# My 6mth GRD Front legs



## Willow52 (Aug 14, 2009)

I've never had any experience with this sort of thing but IMHO this doesn't look like a problem that will correct itself. Can you get a second opinion?


----------



## cody and munsons mom (Jun 8, 2012)

I would get a second opinion, and if they say he needs to have surgery he should have it. It doesn't look like something that will correct on its own. He is a very handsome boy, please give hugs and kiss from me.


----------



## dmataftin (Jun 1, 2012)

Im seeing the surgeon tomorrow. He specializes in orthopedics. I am currently looking for a vet for another opinion. My vet is very good, but he said he didnt have much experience with this and he referred me to the surgeon im seeing. Im just concerened because of other posts i have seen on similar issues. The vet said he will grow for another 3-4 months, so surgery can be dependant on this.


----------



## dmataftin (Jun 1, 2012)

The vet gave him rimadyl for discomfort, though it was just preventive as he doesnt seem bothered


----------



## OnMyWay2MyDreams (Feb 13, 2011)

Kind of looks like my jrt legs, he has premature growth plate closure in his front legs so they bow. It can be surgically corrected, I chose not too because he gets around fine. If he had been a larger dog or showed discomfort I would have seriously considered it. I would get the consult and see what they say.good luck!


----------



## kwhit (Apr 7, 2008)

OnMyWay2MyDreams said:


> Kind of looks like my jrt legs, he has premature growth plate closure in his front legs so they bow.

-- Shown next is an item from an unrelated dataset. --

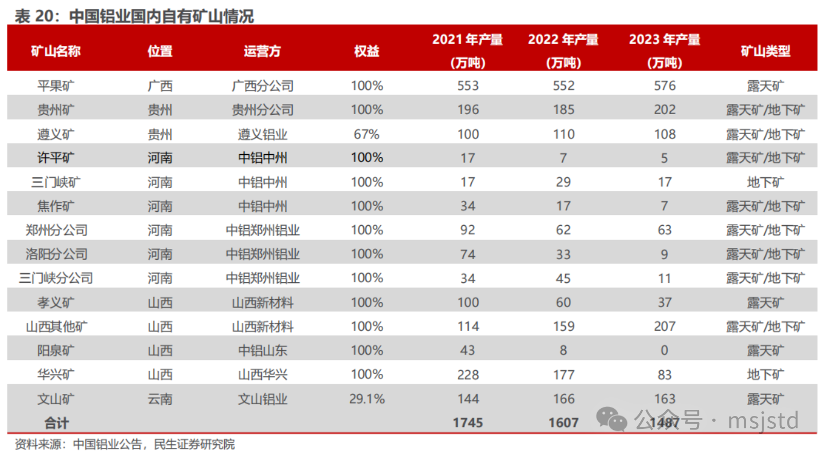 中国铝业的国内铝土矿资源第一,截至2023年,国内铝土矿储量1.6亿吨,资源量5.4亿吨,占国内储量29%。不过中铝的国内铝土矿产量在下滑,2021/22/23年,国内铝土矿产量分别为1745/1607/1487万吨。主要是山西、河南两地铝土矿产能下降较大。贵州、云南、广西等地铝土矿产能略有增长。

I agree. It looks like that's what could be going on. I honesty don't think that it will correct itself. It's really good that you're seeing an orthopedic surgeon. I know two dogs that have gone through the surgery, (Great Danes), and they're doing really well now. But, the surgeries were very difficult for them.

Let us know how the appointment goes.


----------



## IowaGold (Nov 3, 2009)

He is not going to grow out of those legs. I can't really tell how old he is in those pics, but unfortunately he doesn't have all that much growing to do (at least leg length-wise). To get those legs straight, he's going to need pretty extensive surgery.

My boy has one leg like that (probably an injury in my dog's case-it shut down the ulnar growth plate where 90% of the growth takes place). He had surgery at 4 months where the surgeon removed a small portion of the ulna to hopefully allow the radius to continue growing. Didn't do much for my dog as at 4 months, he was already pretty leggy. Here's a pic of him as a 10 year old:


----------



## mylissyk (Feb 25, 2007)

I have no experience with this, and this website may be of no help whatsoever, but I have heard a lot of people refer to "The Great Dane Lady" with issues like this. 

Cruciate Ligament injury cruciate ligament brace in dogs ACL Knuckling Over | Dog Bowed Legs, HOD| GREATDANELADY.COM

This is NOT a replacement for an orthopedic specialist, but it couldn't hurt to consult with her before going ahead with serious surgery.


----------



## kwhit (Apr 7, 2008)

Here's one of the Dane's before and after pictures, (you can really tell how the surgery improved her legs):


----------



## Blondie (Oct 10, 2009)

Have you thought about contacting the breeder? Just wondering if any siblings were having any issues? Keep us posted on how Keizer is doing. You both are in my thoughts.


----------



## dmataftin (Jun 1, 2012)

Thank you for the help, his cosult with the surgeon is tomorrow, i will post on here what i hear. I did contact the breeder, and he said he hasnt had any other issues withbthe litter. Because however they had a 3 year health gaurantee, and the vet said its from genetics or birth not injury, they refunded me the money we paid for him plus some extra. And no idid not have to return keizer, as that was not an option for me to part with him.


----------



## mylissyk (Feb 25, 2007)

dmataftin said:


> Thank you for the help, his cosult with the surgeon is tomorrow, i will post on here what i hear. I did contact the breeder, and he said he hasnt had any other issues withbthe litter. Because however they had a 3 year health gaurantee, and the vet said its from genetics or birth not injury, they refunded me the money we paid for him plus some extra. And no idid not have to return keizer, as that was not an option for me to part with him.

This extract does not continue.